Относительно политических последствий войны пессимизму Анкарсвэрда можно противопоставить слова представителя иностранной державы Хью Эллиота в поздравительном письме к Густаву III от 12 сентября. Разумеется, это письмо исполнено лести и любезностей, но, с другой стороны, Верельский мир был вызовом британской внешней политике, которую представлял Эллиот. «Один, без помощи извне, — пишет Эллиот, — Ваше Величество сумели совладать с внутренними волнениями в своем королевстве и навсегда обеспечили независимость своей короны, поборов и неоднократно побеждая империю, мощь которой Европа пока еще недостаточно осознала». Далее Эллиот говорит о правителе, который приносит Швеции всю славу. Именно это внешнеполитическое самоутверждение было целью войны и также ее результатом. Русско-датское окружение Швеции взорвано; императорский кабинет в Петербурге более никак не контролирует внутренних дел Швеции. Слова Анкарсвэрда о несамостоятельности Швеции в начале 1791 года свидетельствуют о его незнании внешнеполитической ситуации. После заключения мира Густав III на самом деле стоял перед выбором между предложениями вступить в тот или иной союз.

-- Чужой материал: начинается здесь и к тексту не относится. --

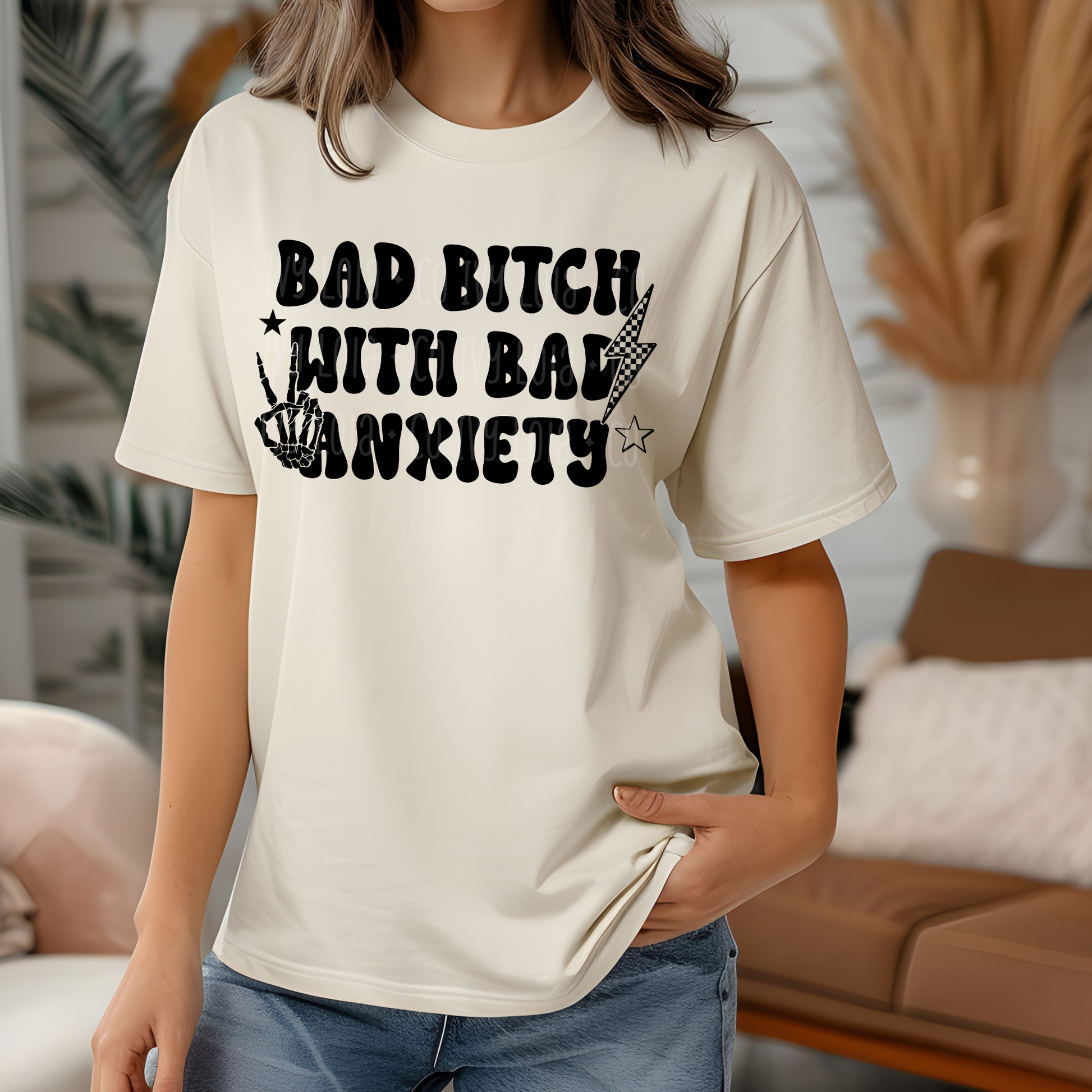 Introducing the Bad Bitch with Bad Anxiety Graphic Tee or Sweatshirt - a bold fashion statement that blends style with a touch of vulnerability. This unique apparel is perfect for those who embrace their strength while acknowledging their struggles.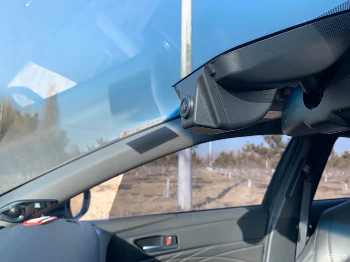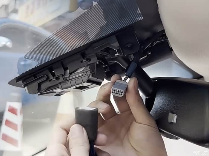 一分二插头直接插上,然后线可以拉长隐藏挡风玻璃顶部边缘,不用都挤在壳子里,这样主机就好安装。这个地方取电是启动车录影,熄火锁车断电关机,不会再耗电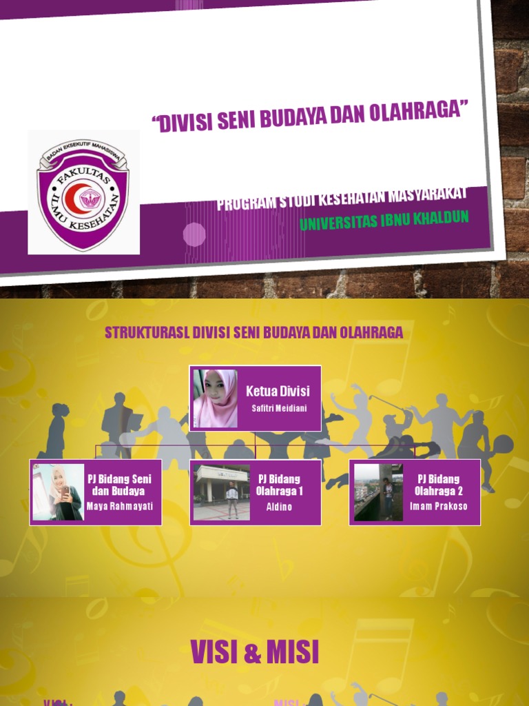 Visi misi organisasi kesenian VISI MISI Wadah Seni Mahasiswa 20152016 by Felda Antani on Prezi Next Visi - Misi - Tujuan - Sasaran Strategis - Balai Pelestarian Nilai Budaya DI. Walaupun begitu rohani selalu dikaitkan dengan perasaan dalaman manusia yang melibatkan emosi kendiri dan penaakulan strategik. Bertanggung jawab menangani pengembangan minat mahasiswa terhadap kesenian.

Ну, и другой вопрос, много ли национальной самостоятельности Швеция достигла бы без войны, одними лишь дипломатическими маневрами. Планирование Густавом войны с самого начала было отмечено фатально ошибочными оценками, прежде всего русских военно-морских сил, и его неукротимый оптимизм в сочетании с ведением войны по-любительски в конечном счете имел следствием тяжелые поражения и ненужные потери, например при выборгском прорыве из блокады. Трудно сказать, произошло ли бы вообще что-нибудь в этой войне без подхлестывающих усилий короля. Но, с другой стороны, без него и вовсе не было бы никакой войны.

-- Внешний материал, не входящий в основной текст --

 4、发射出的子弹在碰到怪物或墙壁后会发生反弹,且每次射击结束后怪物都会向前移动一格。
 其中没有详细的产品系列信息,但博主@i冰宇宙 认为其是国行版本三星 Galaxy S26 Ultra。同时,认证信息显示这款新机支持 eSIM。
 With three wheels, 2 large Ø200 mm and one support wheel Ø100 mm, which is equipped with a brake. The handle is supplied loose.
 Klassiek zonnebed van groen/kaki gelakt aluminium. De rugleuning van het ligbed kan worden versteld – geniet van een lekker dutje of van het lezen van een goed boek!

Одним следствием войны было начало выравнивания сословий и социальной эволюции, осуществленное на риксдаге 1789 года. Было ли возможно собрать и активизировать недворянские сословия так, как это произошло, без того давления, которое оказывали на народ грозившие нации опасность и надвигавшаяся катастрофа? И дворянство, несмотря на свое сильное сопротивление изменению конституции и выравниванию привилегий, было лояльно по отношению к нации, о чем свидетельствовала его позиция по вопросам государственного долга и чрезвычайного налога. Но в вопросе о противоречиях между королем и оппозицией Анкарсвэрд прав. Здесь царила злобная непримиримость, ничего хорошего не предвещавшая в будущем.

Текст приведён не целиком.